### PROBLEM DESCRIPTION
Print the lines in the listing below starting at the line with "Retour machen wir" and ending at the line with "8 db-ból álló", both included. Reproduce them exactly and omit every picture.

### INPUT RECORDS
================

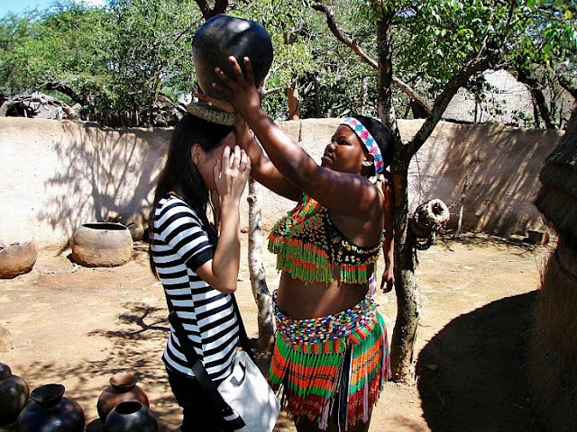 trying my luck to balance a clay pot on my head (and concentrating real hard not to drop it - "don't drop it..don't drop it..don't drop it"). I tell you, this takes a lot of skill and practice unless you have a head shaped like the Table Mountain in Cape Town. This is how the Zulu women carry pots with water, way bigger and heavier than this.
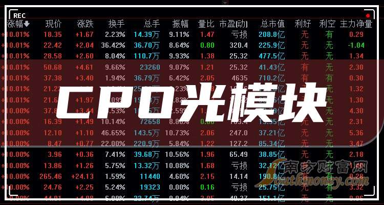 CPO光模块概念龙头有哪些?据南方财富网概念查询工具数据显示,CPO光模块概念龙头有:
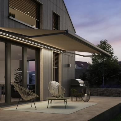 - Stilvolle Kassetten-Markise für weitläufige Terrassen
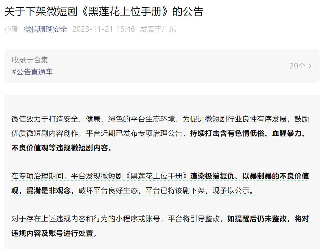 11月21日,微信官方宣布现象级短剧《黑莲花上位手册》下架。官方公告称,在专项治理期间,平台发现微短剧《黑莲花上位手册》渲染极端复仇、以暴制暴的不良价值观,混淆是非观念,破坏平台良好生态,平台已将该剧下架,现予以公示。
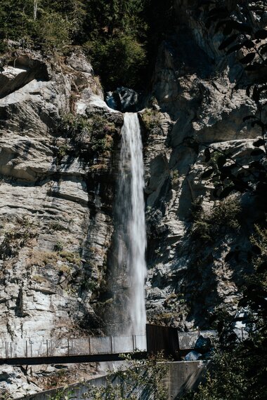 Retour machen wir einen Abstecher zum Balbier-Wasserfall. Dieses Wander-Highlight saust 17 Meter in die Tiefe und mit der netten Brücke davor sind die vielen Wasserspiele ein tolles Fotomotiv. Wir schießen ein paar Erinnerungen und starten unsere letzte Etappe. Nach insgesamt drei Kilometern samt 63 zurückgelegten Höhenmetern kehren wir schlussendlich wieder nach Gortipohl zum Ausgangspunkt zurück. Als gemütlichen Wanderweg kann ich den Montafonerhausweg für einen längeren Spaziergang mit Sehenswürdigkeiten wie den prächtigen alten Montafonerhäusern, schönen Aussichten auf die Vorarlberger Bergwelt und netten
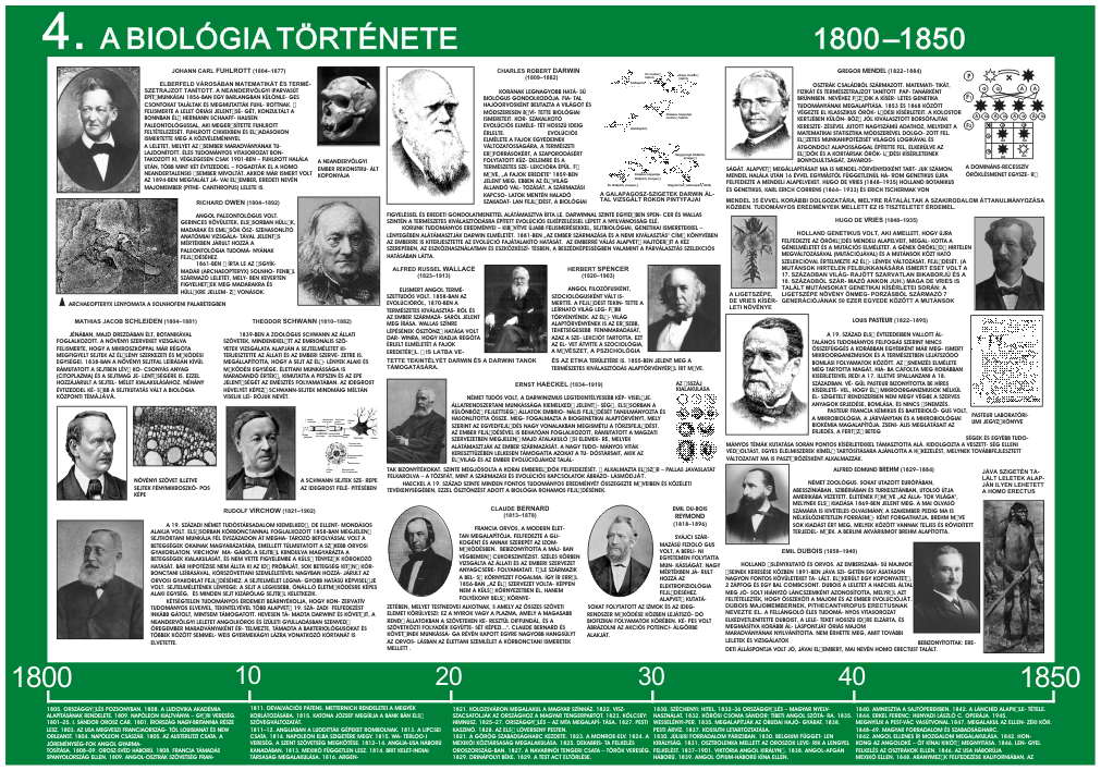 8 db-ból álló oktatótábla sorozat, mely a nagy biológusok történetét írja le. Lemosható mûbõrre nyomva, lécezett, zsinórozott kivitelben. Mérete: 84 x 114 cm
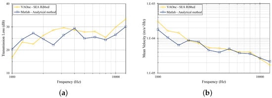 Vibro-acoustic responses of the equivalent SEA Ribbed model (TL optimisation): (a) sound transmission loss and (b) space-average mean vibration velocity.
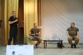 Як зазначив Денис Соколов, «Гвардія наступу. Самовидець» – це книга про героїв, які впродовж третього року повномасштабної війни дають нам віру у власні сили, щоб боротися за свою свободу і незалежність, залишатися сильними та мужніми». Видання, що презентується сьогодні, присвячене битві за Київ. Автор описав, як звичайна людина, яка долучилася до війська, проходить складний шлях воїна, який впевнений, що немає важливішої мети, ніж оборона нашої держави. «Ми хочемо донести це до курсантів, – зазначив Денис Соколов, – які завтра прийдуть на зміну, а також показати, що герої України – вони серед нас. Це живі люди, а не забронзовілі статуї, чоловіки й жінки, для яких не байдуже майбутнє України. На жаль, юнаки та дівчата, які опановують професію поліцейського, не з чуток знають, що таке війна, російська агресія. У багатьох із них батьки воюють на фронті, деякі втратили рідних, і під час таких зустрічей курсанти відчувають, що потрібні державі, людям навколо – так встановлюється тяглість поколінь. Вони знають, що є побратими, до яких можна звернутися за досвідом».
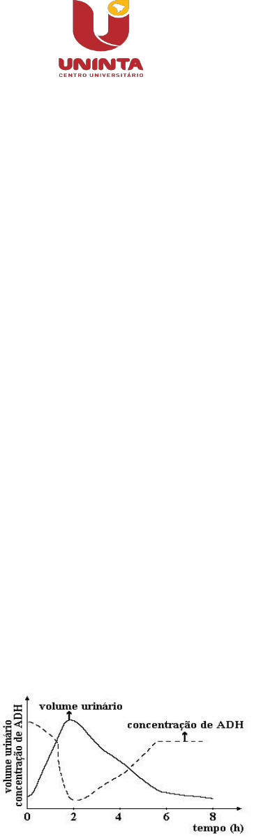 1º ESTUDO DIRIGIDO 1. Quando falamos em homeostase, referimo-nos à tendência do organismo de manter o meio interno em relativa estabilidade. Entende-se por meio interno: a) o conjunto de todas as células do corpo. b) o conjunto de todos os sistemas do organismo. c) os fluidos que circulam pelas nossas células. d) o interior dos órgãos. e) o interior do sistema nervoso. 2. O organismo é capaz de manter o equilíbrio do meio interno quase constante. Para garantir esse equilíbrio, denominado de homeostase, o corpo conta com dois sistemas principais: a) sistema cardiovascular e sistema nervoso. b) sistema endócrino e sistema cardiovascular. c) sistema digestório e sistema urinário. d) sistema urinário e sistema cardiovascular. e) sistema endócrino e sistema nervoso. 3. Para manter a homeostase, nosso organismo realiza vários processos. Quando a pressão arterial eleva-se, por exemplo, sinais são enviados para o encéfalo a fim de diminuir a atividade bombeadora do coração e facilitar o fluxo sanguíneo pelos vasos periféricos. Como consequência dessas ações, a pressão arterial cai. O mecanismo de controle da homeostase descrito acima é chamado de: a) ciclo celular. b) irritabilidade. c) metabolismo. d) feedback negativo. e) feedback positivo 4. Pessoas normais beberam, cada uma, 2 litros de água num intervalo de 2 horas. A seguir temos os gráficos que registram as médias das variações dos volumes urinários e das concentrações do hormônio anti-diurético (ADH) no sangue em função do tempo. A análise dos gráficos permite concluir que a) o hormônio ADH tem efeito diurético, o que faz aumentar o volume urinário. b) o volume urinário não tem nenhuma relação com a secreção do hormônio ADH. c) há uma relação diretamente proporcional entre a concentração do hormônio ADH e o volume urinário. d) o aumento do volume urinário influi sobre os rins, inibindo a secreção do hormônio ADH. e) há uma relação inversamente proporcional entre a concentração do hormônio ADH e o volume urinário. 5. Um esportista percorreu alguns quilômetros numa manhã ensolarada de verão, acompanhado de seu cachorro. Após a corrida, o esportista estava suando e o cachorro com a língua de fora. Do ponto de vista fisiológico, que relação existe entre o fato do esportista suar e o cachorro colocar a língua de fora, após a execução de um exercício físico? Explique o que acontece em ambos os casos. 6. O gráfico anterior representa como um determinado tipo de animal reage às variações de temperatura do ambiente. Para manifestar essa reação, seu corpo lança mão de mecanismos fisiológicos diferenciados em locais de clima quente e de clima frio. Assinale a opção que apresenta corretamente os mecanismos fisiológicos adequados a cada uma das situações. a) CLIMA QUENTE - contração dos vasos sanguíneos superficiais. CLIMA FRIO: eriçamento de pelos e penas. b) CLIMA QUENTE - dilatação de vasos sanguíneos superficiais. CLIMA FRIO: respiração ofegante. c) CLIMA QUENTE: diminuição da circulação abaixo da pele. CLIMA FRIO: tremor do corpo. d) CLIMA QUENTE: respiração ofegante. CLIMA FRIO: dilatação de vasos sanguíneos superficiais. e) CLIMA QUENTE: aumento da sudorese. CLIMA FRIO: contração dos vasos sanguíneos superficiais. 7. Diariamente o corpo humano realiza diversas atividades que são controladas pelo Sistema Nervoso e conduzidas através de impulsos nervosos: que são impulsos elétricos que se originam das alterações nas cargas elétricas das superfícies interna e externa da membrana plasmática. Sendo assim, se a concentração de potássio intracelular for 30 vezes maior do que a extracelular e se a membrana celular for permeável somente ao íons potássio, deve-se considerar que: a) haverá efluxo de potássio até que o potencial de membrana seja equivalente ao potencial de equilíbrio do potássio. b) a força impulsora de potássio será definida pela diferença entre o potencial de membrana e o potencial de equilíbrio. c) o movimento líquido dos íons potássio através da membrana é uma corrente elétrica. d) o número de canais de potássio abertos é proporcional a uma condutância elétrica. e) todas as alternativas estão corretas. 8. Diversos comportamentos e funções fisiológicas do nosso corpo são periódicos, sendo assim, são classificados como ritmo biológico. Quando o ritmo biológico responde a um período aproximado de 24 horas, ele é denominado ritmo circadiano. Esse ritmo diário é mantido pelas pistas ambientais de claro-escuro e determina comportamentos como o ciclo do sono-vigília e o da alimentação. Uma pessoa, em condições normais, acorda às 8 h e vai dormir às 21 h, mantendo seu ciclo de sono dentro do ritmo dia e noite. Imagine que essa mesma pessoa tenha sido mantida numa sala totalmente escura por mais de quinze dias. Ao sair de lá, ela dormia às 18 h e acordava às 3 h da manhã. Além disso, dormia mais vezes durante o dia, por curtos períodos de tempo, e havia perdido a noção da contagem dos dias, pois, quando saiu, achou que havia passado muito mais tempo no escuro. Em função das características observadas, conclui-se que a pessoa: a) Apresentou aumento do seu período de sono contínuo e passou a dormir durante o dia, pois seu ritmo biológico foi alterado apenas no período noturno. b) Apresentou pouca alteração do seu ritmo circadiano, sendo que sua noção de tempo foi alterada somente pela sua falta de atenção à passagem do tempo. c) Estava com seu ritmo já alterado antes de entrar na sala, o que significa que apenas progrediu para um estado mais avançado de perda do ritmo biológico no escuro. d) Teve seu ritmo biológico alterado devido à ausência de luz e de contato com o mundo externo, no qual a noção de tempo de um dia é modulada pela presença ou ausência do sol. e) Deveria não ter apresentado nenhuma mudança do seu período de sono porque,

================

### RESULT FOR THIS TASK
 Retour machen wir einen Abstecher zum Balbier-Wasserfall. Dieses Wander-Highlight saust 17 Meter in die Tiefe und mit der netten Brücke davor sind die vielen Wasserspiele ein tolles Fotomotiv. Wir schießen ein paar Erinnerungen und starten unsere letzte Etappe. Nach insgesamt drei Kilometern samt 63 zurückgelegten Höhenmetern kehren wir schlussendlich wieder nach Gortipohl zum Ausgangspunkt zurück. Als gemütlichen Wanderweg kann ich den Montafonerhausweg für einen längeren Spaziergang mit Sehenswürdigkeiten wie den prächtigen alten Montafonerhäusern, schönen Aussichten auf die Vorarlberger Bergwelt und netten
 8 db-ból álló oktatótábla sorozat, mely a nagy biológusok történetét írja le. Lemosható mûbõrre nyomva, lécezett, zsinórozott kivitelben. Mérete: 84 x 114 cm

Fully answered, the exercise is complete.